Tra le nuove figure, ci sono per la psicoterapeuta, “mediatori, anzi -sottolinea –“psicoanimatori” che indirizzino i ragazzi ad usare nel modo migliore le potenzialità di cui sono ricchi”.

 “La loro creatività innanzitutto, -sottolinea –Più che rimanere passivi davanti a tv e internet, i ragazzi hanno bisogno di essere ‘attivi’, darsi al teatro, per esempio, ed diventare ‘soggetti’ di cultura”

Rivalutare il ruolo del ‘nonno’, l’anziano sa dare tranquillità e infondere saggezza Maria Rita Parsi non trascura il ruolo delle figure tradizionali, “che devono essere recuperate -sottolinea – perché la loro esperienza e’ fondamentale per questi ragazzi per essere sereni”. “Il ruolo dei nonni e’ importantissimo -sottolinea -Non solo le nuove generazioni devono incontrarsi con le passate per creare dei progetti -continua -ma gli anziani sanno dare ai giovani tranquillità e infondere saggezza”.

“Malgrado viviamo in una societa’ mediatica, oggi c’e’ una grande difficoltà a comunicare”.

Per lo psicologo Paolo Crepet, “i casi di suicidio sono legati alle storie dei ragazzi che si nascondono dietro il singolo gesto, ma il disagio serpeggia tra i giovani”. “Capita sempre più spesso che i genitori non sappiano che amicizie frequentino i figli, e come passino il tempo fuori di casa”. “Manca il dialogo -sottolinea -un paradosso nella società dei media, ma -precisa -la contraddizione e’ solo apparente perché sono gli stessi mezzi di comunicazione, come internet e televisione, a isolare i ragazzi dalla realtà”.

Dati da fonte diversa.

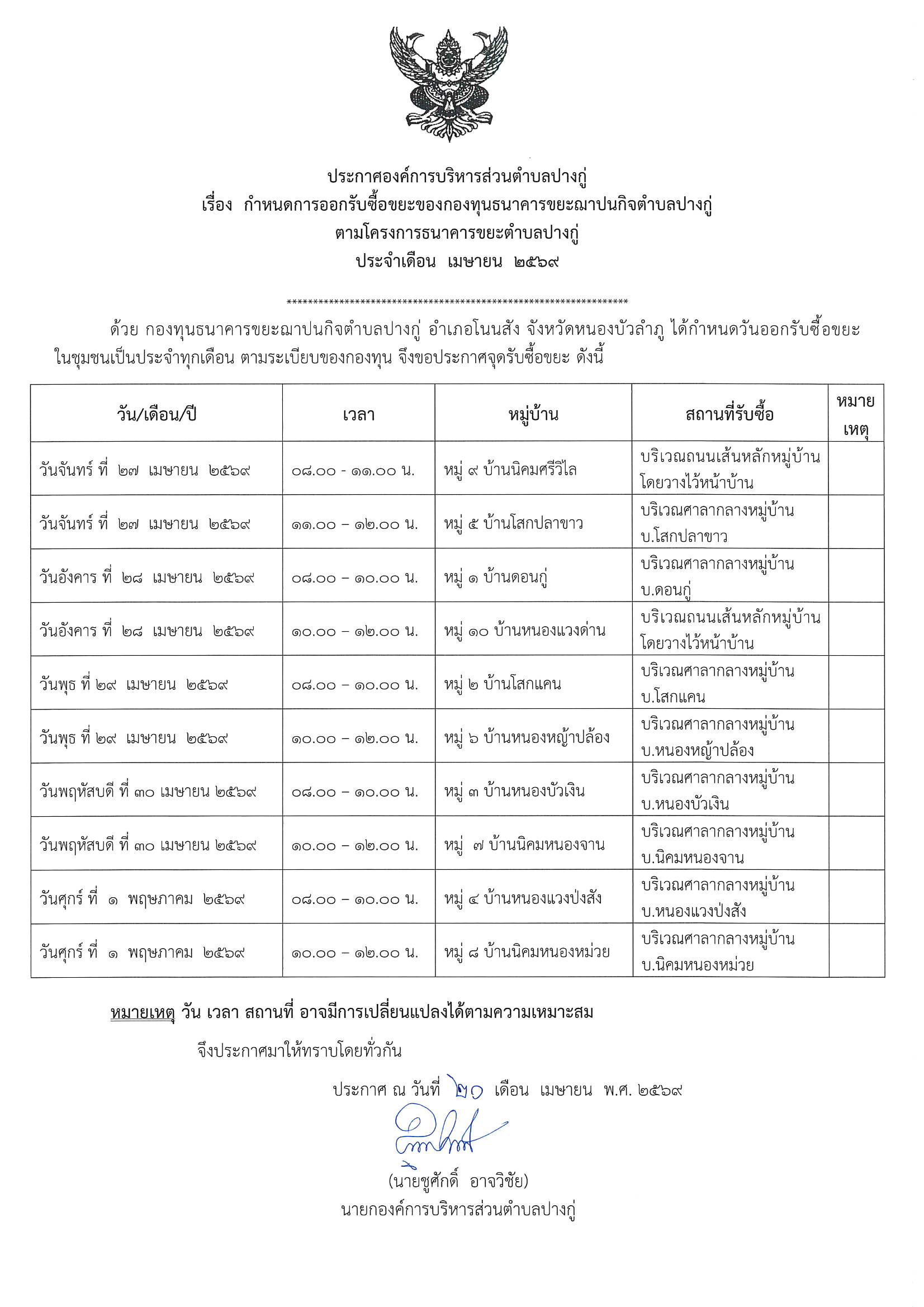ประกาศรับซื้อขยะประจำเดือนเมษายน 2569
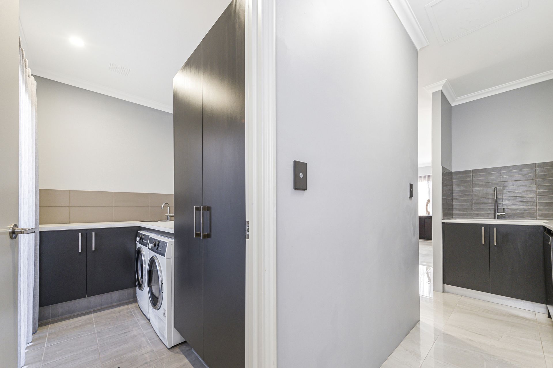 The laundry is well-equipped with ample benchtops and cupboards, a double linen cupboard, and direct access to the outdoor drying yard.
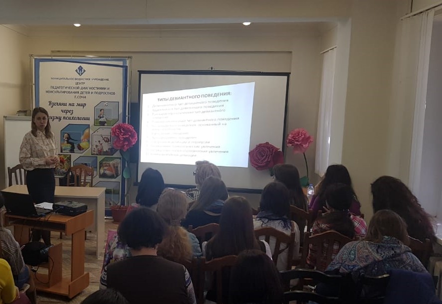 26 февраля 2020 г. в Сочинском филиале состоялось методическое объединение на тему «Взаимодействие специалистов при сопровождении учащихся с девиантными формами поведения». В мероприятии участвовало 56 педагогов-психологов общеобразовательных организаций г. Сочи.
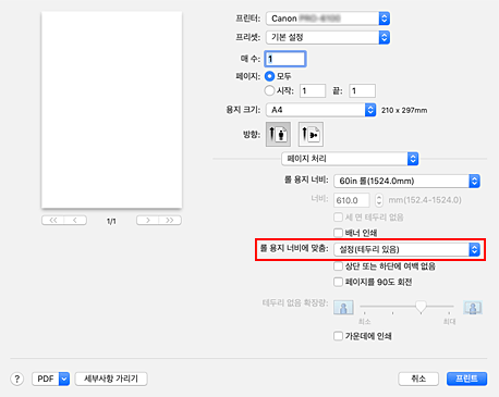 중요- 사용자 정의 용지 크기를 사용하여 전체 용지를 여백 없이 인쇄하는 경우 용지 크기(Paper Size)의 사용자 설정 크기 관리...(Manage Custom Sizes...)에서 프린터 여백(Non-Printable Area) 값을 모두 0mm로 설정하여 용지 크기를 만들고 페이지 처리(Page Processing)의 롤 용지 너비에 맞춤(Fit Roll Paper Width)에서 설정(테두리 있음)(On (Bordered))을 선택하십시오.
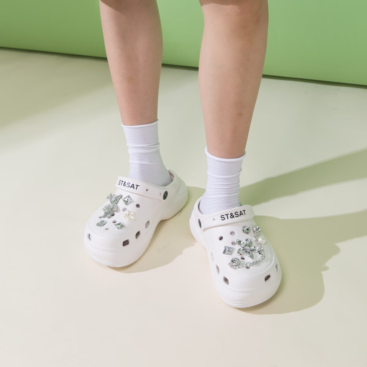 星期六【踩屎感软底】洞洞鞋厚底女鞋包头半拖沙滩凉鞋百搭凉拖鞋女外穿 白色 39
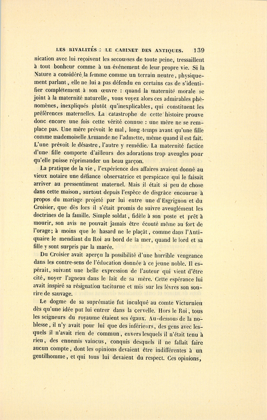Idolâtré par sa tante, idolâtré par son père, ce jeune héritier était, dans toute l’acception du mot, un enfant gâté qui justifiait d’ailleurs les illusions paternelles et maternelles, car sa tante était vraiment une mère pour lui ; mais quelque tendre et prévoyante que soit une fille, il lui manquera toujours je ne sais quoi de la maternité. La seconde vue d’une mère ne s’acquiert point. Une tante, aussi chastement unie à son nourrisson que l’était mademoiselle Armande à Victurnien, peut l’aimer autant que l’aimerait la mère, être aussi attentive, aussi bonne, aussi délicate, aussi indulgente qu’une mère ; mais elle ne sera pas sévère avec les ménagements et les à-propos de la mère ; mais son cœur n’aura pas ces avertissements soudains, ces hallucinations inquiètes des mères, chez qui, quoique rompues, les attaches nerveuses ou morales par lesquelles l’enfant tient à elles, vibrent encore, et qui toujours en {p. 139} communication avec lui reçoivent les secousses de toute peine, tressaillent à tout bonheur comme à un événement de leur propre vie. Si la Nature a considéré la femme comme un terrain neutre, physiquement parlant, elle ne lui a pas défendu en certains cas de s’identifier complétement à son œuvre : quand la maternité morale se joint à la maternité naturelle, vous voyez alors ces admirables phénomènes, inexpliqués plutôt qu’inexplicables, qui constituent les préférences maternelles. La catastrophe de cette histoire prouve donc encore une fois cette vérité connue : une mère ne se remplace pas. Une mère prévoit le mal, long-temps avant qu’une fille comme mademoiselle Armande ne l’admette, même quand il est fait. L’une prévoit le désastre, l’autre y remédie. La maternité factice d’une fille comporte d’ailleurs des adorations trop aveugles pour qu’elle puisse réprimander un beau garçon.
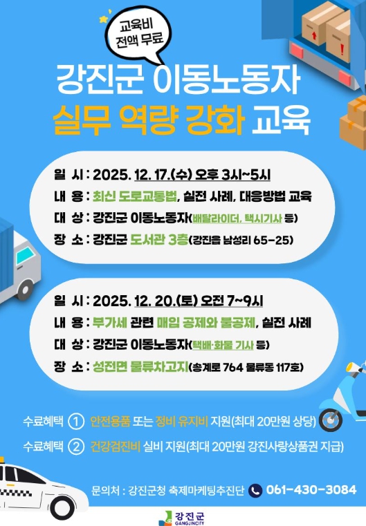이에 따라 강진군은 이번 교육을 통해 노동자의 안전, 건강관리, 직무 역량 향상 등 실질적인 도움이 될 수 있도록 교육을 제공할 예정이다.
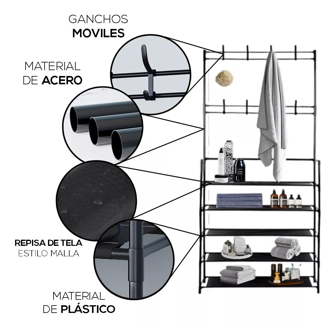 🏡 Ahorra espacio como un pro Diseño vertical con 5 niveles de almacenamiento y perchero superior. ¡Ideal para espacios pequeños!

“Nella fase dell’adolescenza e’ forte il problema dell’identità -continua Crepet-, ognuno di noi verso i 15 o 16 anni si e’ trovato faccia a faccia con questo vuoto, e -spiega -se non c’e’ nessuno a parlarne il ragazzo, se particolarmente fragile, può arrivare a tentativi estremi”.

– Ed i genitori? “Non sono in grado di competere con le figure mediatiche -replica Cicogna -perché i ragazzi prestano maggiore attenzione ai protagonisti del tubo catodico”. “La famiglia, da sola, non ha le armi necessarie per contrastare questo fenomeno e difficilmente può essere davvero accanto ad un ragazzo”.

“Vorrei sottolineare -continua Cicogna -un dato che e’ emerso dalla pubblicazione del rapporto “Telefono azzurro-Eurispes”, ossia quello legato alle attese giovanili, che dicono di volere una famiglia, una proposta legittima, ma che in una società che ormai ha come fulcro i comportamenti mediatici, e’ vana”.

“Il suicidio giovanile e’ diffuso ed e’ spia dell’enorme disagio che soffrono”. Per il presidente di Telefono Azzurro, Ernesto Caffo, “l’aumento di questi momenti autodistruttivi e’ causato, da una parte dall’assenza della famiglia, ridotta in molti casi ad un semplice alloggio -e continua – dall’altra, al fatto che il mondo scolastico non e’ all’altezza di soddisfare i loro bisogni”.

“Problema centrale e’ la solitudine -sottolinea Caffo – in anche segrandi raduni e discoteche, i ragazzi si sentono soli”. “Lanciano messaggi nello spazio, e difficilmente i ragazzi riescono a parlare davvero con una persona, e per questo -conclude -si sentono soli e senza sostegno”.